Первое впечатление от кабинета Сталина врезалось в мою память.
Признаться, я был как-то разочарован: меня поразили его исключительная
простота и скромность.
Сталин задал несколько вопросов. Его интересовали состояние и уровень
немецкой, английской, французской авиации. Я был поражен его
осведомленностью. Он разговаривал как авиационный специалист. Он очень
интересовался вооружением немецких самолетов. Разговор затянулся до поздней
ночи и закончился уже на квартире Сталина за ужином...
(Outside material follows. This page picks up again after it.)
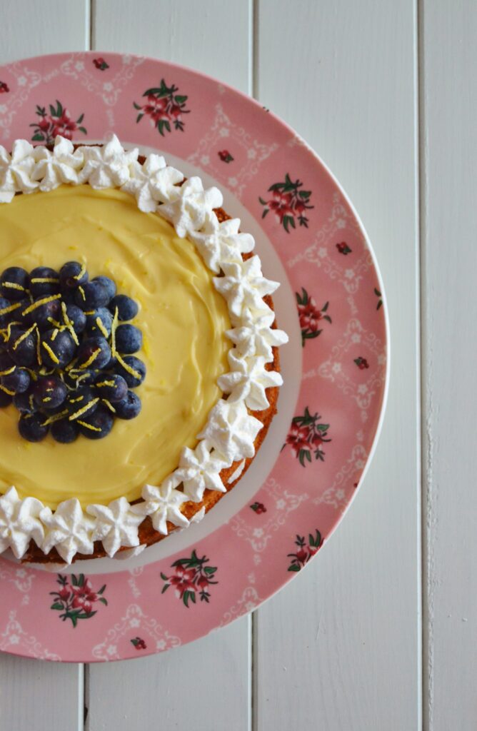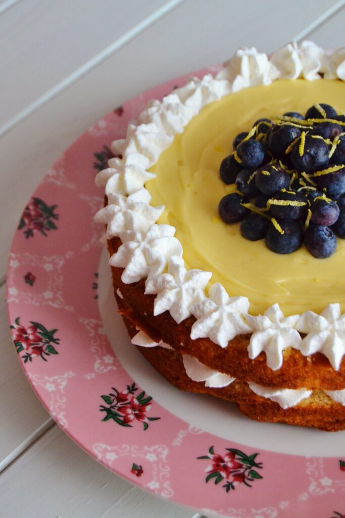 10. Disponha o restante chantilly sobre o bolo, bem como o lemon curd caseiro, decorando com os mirtilos e raspa de limão a gosto.
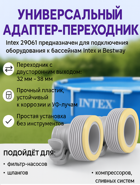 Intex Комплект переходников для бассейна 2 шт. (модель 29061) — универсальные соединительные элементы, предназначенные для подключения гофрированных шлангов диаметром 32 мм и 38 мм к насосам и фильтрующим системам бассейнов Intex и Bestway. Особенности: Тип переходника: "В" Подходит для: каркасных и надувных бассейнов Совместимость: шланги D32 мм ↔ D38 мм Комплектация: 2 переходника + уплотнительные прокладки Материал: пластик с резиновыми вставками Вес одного переходника: 0,25 кг Преимущества: Обеспечивает герметичное соединение шлангов разного диаметра; Простой монтаж без инструментов; Устойчив к хлору и ультрафиолету; Подходит для фильтров, насосов, сливных и оросительных систем.

Я заметил в Сталине такую особенность: если дела на фронте хороши - он
требователен и суров; когда неприятности - шутит, смеется, становится
покладистым. Он понимал, видимо, что когда тяжело, людей нужно поддержать,
подбодрить.
С ним можно было спорить. Если вы твердо убеждены, что правы и сумеете
доказать свою правоту, никогда не считайтесь с чьим-то мнением, а действуйте
так, как подсказывает разум и ваша совесть". /А.С.Яковлев/


СЛОВО АХА В ЗАЩИТУ ИОСИФА:

Психология многих воцерковленных прихожан: "Я буду вести праведную
жизнь и попаду в рай, а вам, буржуям, уготован ад и муки вечные", и
злорадство по этому поводу - ужасно, недостойно христианина. Гораздо ближе к
Замыслу стремление к устроению общества, в котором в принципе невозможна
Вампирия. Ибо у многих вроде бы истинно "верующих" получается своеобразный
вампиризм под личиной праведности: "Я, мол, спасусь за счет твоей погибели,
я добровольно и покорно подставляю себя тебе на съедение, соблазняю тебя
собой, как бы злорадствуя: "Жри, губи свою душу, зато я в загробном мире
полюбуюсь на твои мучения в аду!" Нет и нет, не может быть в этом Божьего
Замысла, это очередная сатанинская подмена. Истинный христианин понимает
незаменимость и самоценность каждой человеческой жизни, каждая клетка
/монада/ в единой вселенской душе богочеловечества несет свою неповторимую
сверхзадачу, и гибель ее для вечности - крушение мира, трагедия. Не говоря
уже о том, что желать, тайно или явно, такой погибели - тяжкий грех. Это -
не "прощение долгов наших", а злоба и месть. Нельзя строить свое спасение в
вечности на погибели другого. Осознание этого записано в сердце и часто
входит в противоречие с социальной церковной проповедью. Во всяком случае, с
новозаветной. Равно как и запугивание адскими мучениями. Страх Божий может
быть лишь дрожжами, закваской, "началом премудрости", а затем приходит
благодать - счастье ребенка, который из страха не ушел без спросу в лес и
теперь радуется жизни, глядя из окна на снующих вблизи дома голодных
волков...
И страх, и корысть - приманки ветхозаветного мышления: - соблюдай
предписания, инструкцию от и до и спасешься. Соблюдение инструкции, конечно,
необходимо, но это лишь СРЕДСТВО СПАСТИ, лекарство, как и пост. Чтобы у тебя
спала температура, опухоль, прошла боль и ты почувствовал, как прекрасно
быть здоровым, ощутить радость мира и света в душе, покоя и чистоты и, как
следствие - награда. Благодать Божья.
Только ПОЛЮБИВШИЙ ВЫЗДОРОВЛЕНИЕ, пусть даже и не выздоровевший, - лишь
такой пригоден для Царствия, а не глотающий лекарства и соблюдающий диету
из-за страха перед неприятными последствиями болезни. Например - лишиться
работы за профнепригодностью.
Любовь к выздоровлению - блаженный удел святых, отдавших этому новому
/или хорошо забытому старому/ состоянию первозданности "сердце свое",
молящих о нем Небо. А все прочие обычно носятся со своей болезнью, холят ее
и лелеют, хоть и мучаются, и страшатся, но... запретный плод сладок! Иосиф
заставил их принимать лекарства и соблюдать диету, а дальше - вопрос тайны,
чуда, благодати... Дальше - Воля Божья. "Мои овцы знают Мой голос". Да, он,
в отличие от популярных "демократических" правителей практически вырубил в
своем государстве деревья с ядовитыми плодами, чтобы "избавить от лукавого"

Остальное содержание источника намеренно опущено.